Everything in the data gets repeated exactly, except for the pictures.

* Given material *
↓

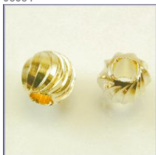
Mellempere Guldfarvet, Bue ornament, 6 mm.
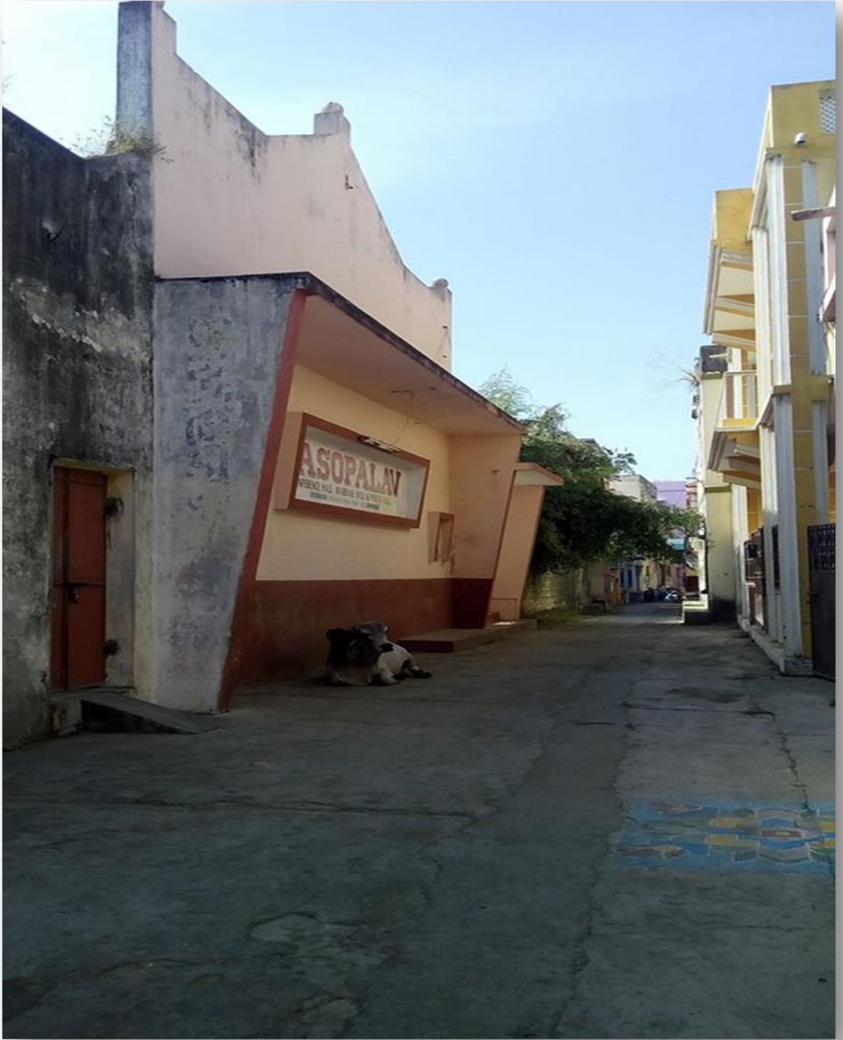
જૈન અપાસરો.
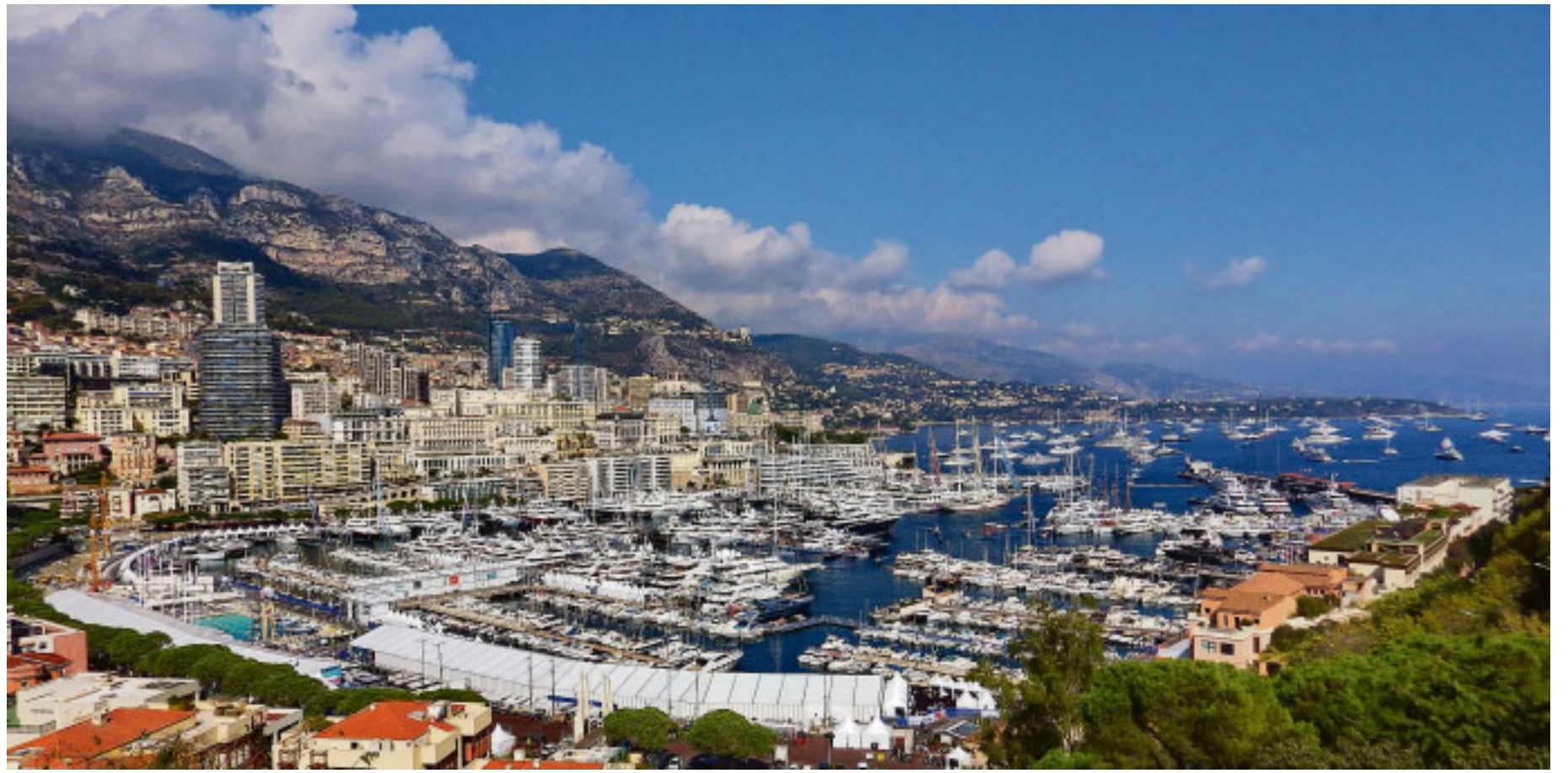
So sieht Monaco, wer mit dem Helikopter einschwebt. Nirgendwo sonst auf der Welt darf ein Mensch mehr Leben erwarten als hier: Fast 90 Jahre, sagen jüngste Statistiken.
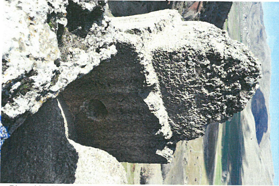
Piramidal Yapının Hemen Doğu Yönünde Bulunan Kaya Mezarı

↑

* Written reply *
Mellempere Guldfarvet, Bue ornament, 6 mm.
જૈન અપાસરો.
So sieht Monaco, wer mit dem Helikopter einschwebt. Nirgendwo sonst auf der Welt darf ein Mensch mehr Leben erwarten als hier: Fast 90 Jahre, sagen jüngste Statistiken.
Piramidal Yapının Hemen Doğu Yönünde Bulunan Kaya Mezarı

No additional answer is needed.